Pickup truck sales are doing much better than this time last year in just about every category, riding a tall and strong wave of production and product investment. Since Toyota produces both — its pickups — the midsize Tacoma and half-ton Tundra — at the same plant in San Antonio, it has a unique opportunity to increase production of both of its trucks with a single plant investment. To accomplish this, Toyota will add 275 people to the Toyota Motor Manufacturing Texas assembly plant by the summer of 2016.
According to a spokesperson for Toyota, strong pickup truck demand is the reason it will add employees and invest $26 million to improve the production facility.

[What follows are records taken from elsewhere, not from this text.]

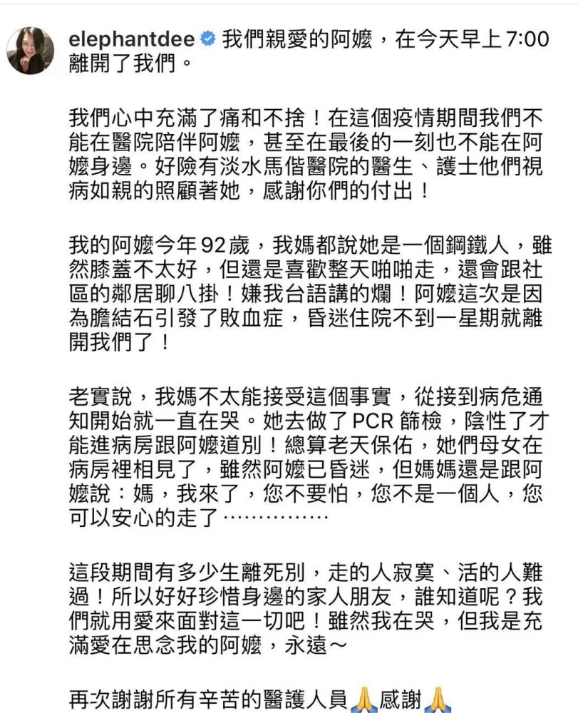 字里行间可以看出小S的哀伤,正如她所言,家人心里都充满了悲痛与不舍,但外婆92岁离世,而且因为昏迷没有受到病痛折磨,对家人来说,这是值得安慰的。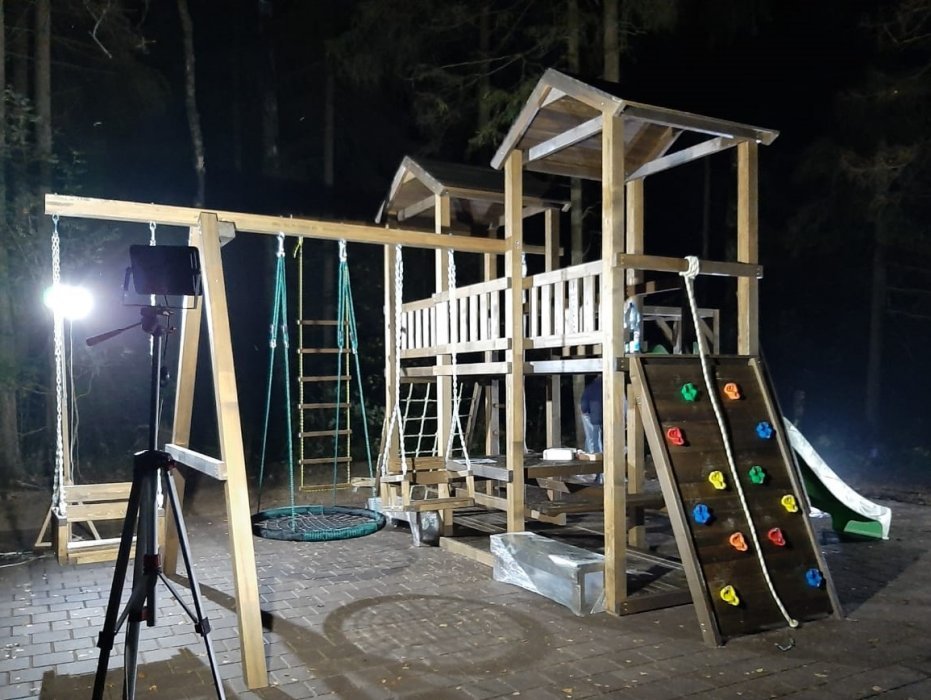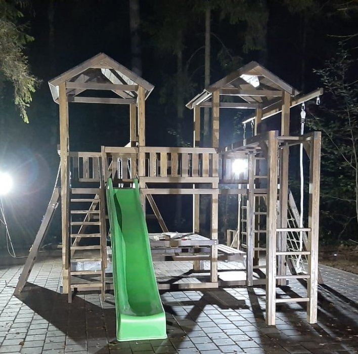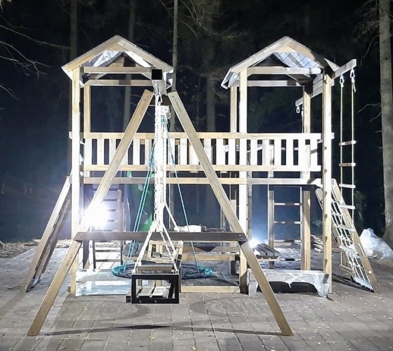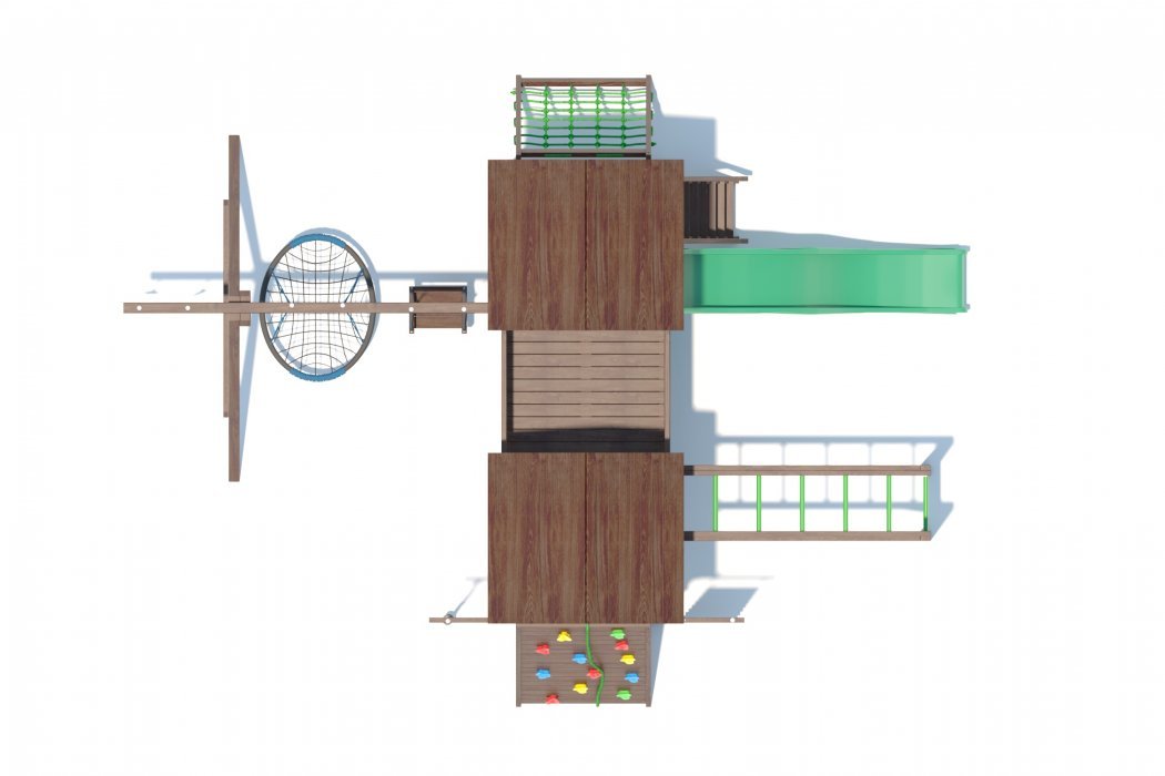Основа детской игровой - спортивной конструкции – две башни с мостиком и игровой платформой. Конструкция оснащена двумя двускатными деревянными крышами, встроенным столиком с лавками и дополнительной платформой в нижней части конструкции, пластиковым волнообразным скатом с превосходной скользящей поверхностью, деревянной лестницей, широким скалодромом, канатной лестницей, деревянным рукоходом, шведской стенкой, приставными качелями, сидением качели «гнездо», сидением качели «малютка», гимнастическими кольцами, подвесной лестницей и гимнастическим канатом. Для безопасности ребенка предусмотрены перила на лестнице, заборчики и ограждения над зонами препятствий (скалодром, канатная лестница, скат).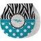 A white scalloped circle label edged in black highlights the personalization of your choice. A wide matching color band trimmed in white completes the design.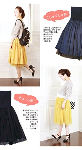 チュールレースとシワ加工されたコットン生地のリバーシブルスカート!マタニティー&産後兼用!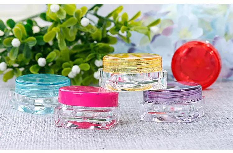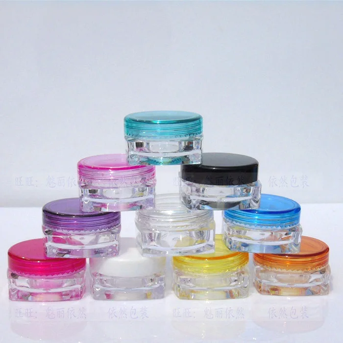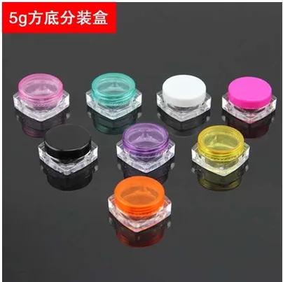 Оптовая продажа-100 шт многоцветная Косметическая 5 мл прозрачная квадратная банка для косметики и 10 цветов обода окно Топ образец банка Posh, LKU011

That will allow Toyota to implement a new work schedule designed to add tens of thousands of new pickup trucks to its year-end totals.
After production of the Toyota Tacoma moved to the San Antonio plant in 2010, the plant was able to produce up to 200,000 vehicles per year without overtime or Saturday production. However, in the last two years the plant has produced around 230,000 pickups per year through overtime and some Saturday production. This new investment in people and plant upgrades, which will include a six-day work week (Monday through Saturday), should add somewhere in the neighborhood of 50,000 additional pickups per year to total capacity, putting the plant's potential maximum capacity close to 275,000 trucks.
At this stage, Toyota is not saying how it will split the extra units between the Tacoma and the Tundra but our guess is as more people get the chance to drive and see the 2016 Tacoma, dealerships will have trouble keeping the midsize-segment leader on the lots.